Kenya is heading towards a debt trap and very soon it will be rummaging through the little peanuts earned by the average Kenyan.Currently the total debt is 65% of the total GDP which is way above the recommended below 40% for developing countries.
Bankruptcy will no longer be a folk tale if the insatiable appetite for borrowing continues to grow.The strained economy is too thin to cushion the ever growing burden and borrowing to pay a debt is not healing the economic wound but only postponing the inevitable.
With the debt burden being more than half of the revenue that the country generates it spells doom especially during pandemics such as it was witnessed as the government borrowed even more to facilitate the so called cushioning the economy which is yet to yield any visible fruits.
What are some of the scenarios that may be witnessed or are already happening due to the debt crisis.
If you are a tax payer the burden will be even heavier for you because as of now every Kenyan has at least a debt of 100,000 Kenyan shillings to pay to pay off the 8 trillion debt.Taxes will be hefty and a financial killer for many.

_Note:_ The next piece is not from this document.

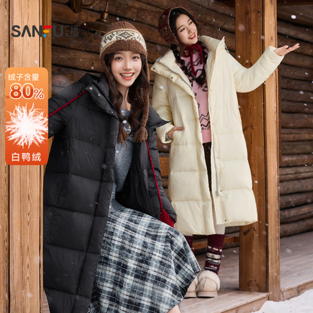 三福长款羽绒服女宽松连帽保暖外套
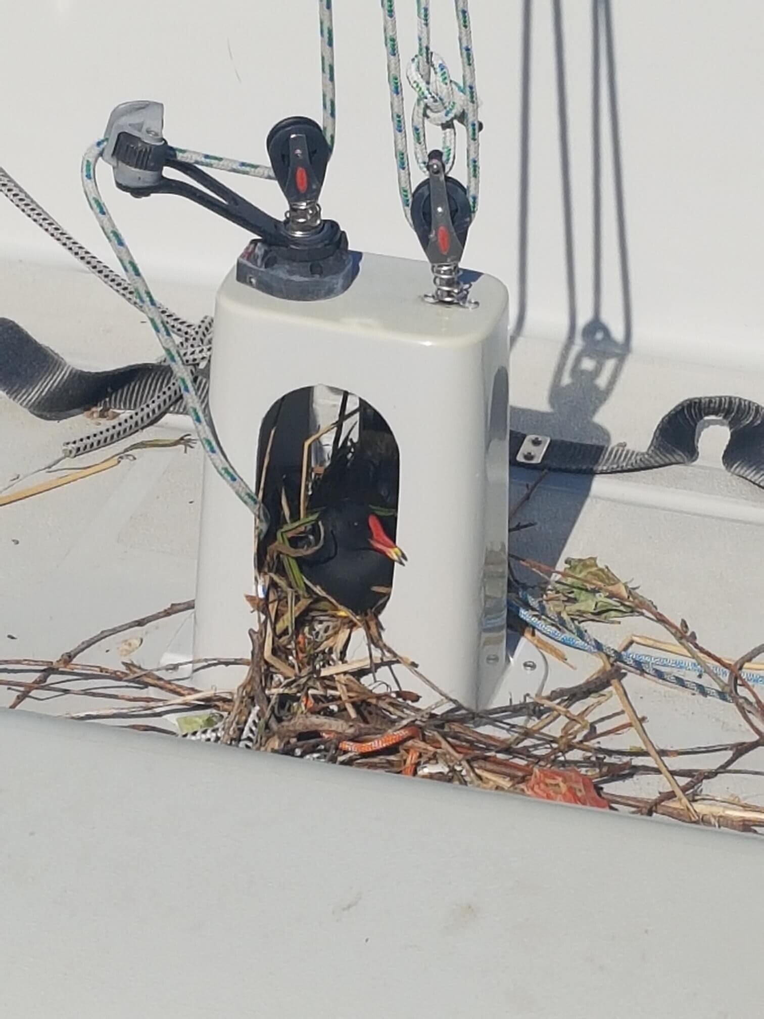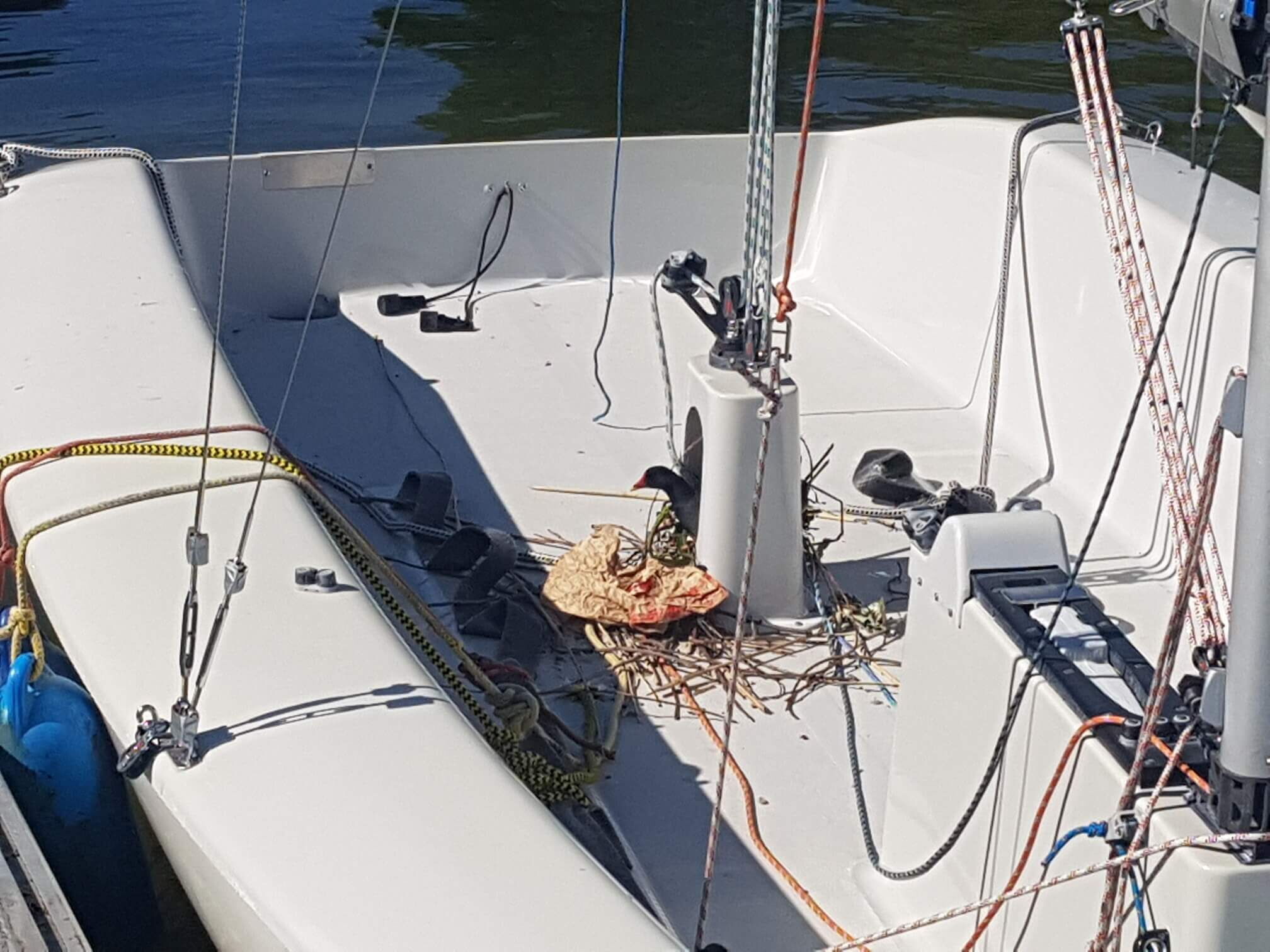 Die flotte Henne hatte sich in den wg. Corona gesperrten ruhigen Tagen unter dem Großschotpodest der „Aquarius“ ein hübsches Nest aus Treibmaterial gebaut und zwei gesprenkelte Eier hineingelegt. Pech für die SCM Segler und Glück für die Blässhuhn Familie.

2.Increased creditor interest rates.
Borrowing which is a safety coupon in times of emergency will be expensive as the creditor will charge more guided by the country's debt compliance.This would mean reduced foreign investments that have a potential chance of rescuing the crucified economy and creating more jobs.
3.Other payment terms.
Countries indebted to creditors have had to painfully give a portion of their country to settle or postpone payment.Sri Lanka surrendered a port to China after defaulting on its payment.
The debt conversation is a sore eye considering the fragile state of the economy.As a Kenyan you should be concerned and seek to get information on the crisis to better prepare for solutions collectively to prevent crippling our vision 2030.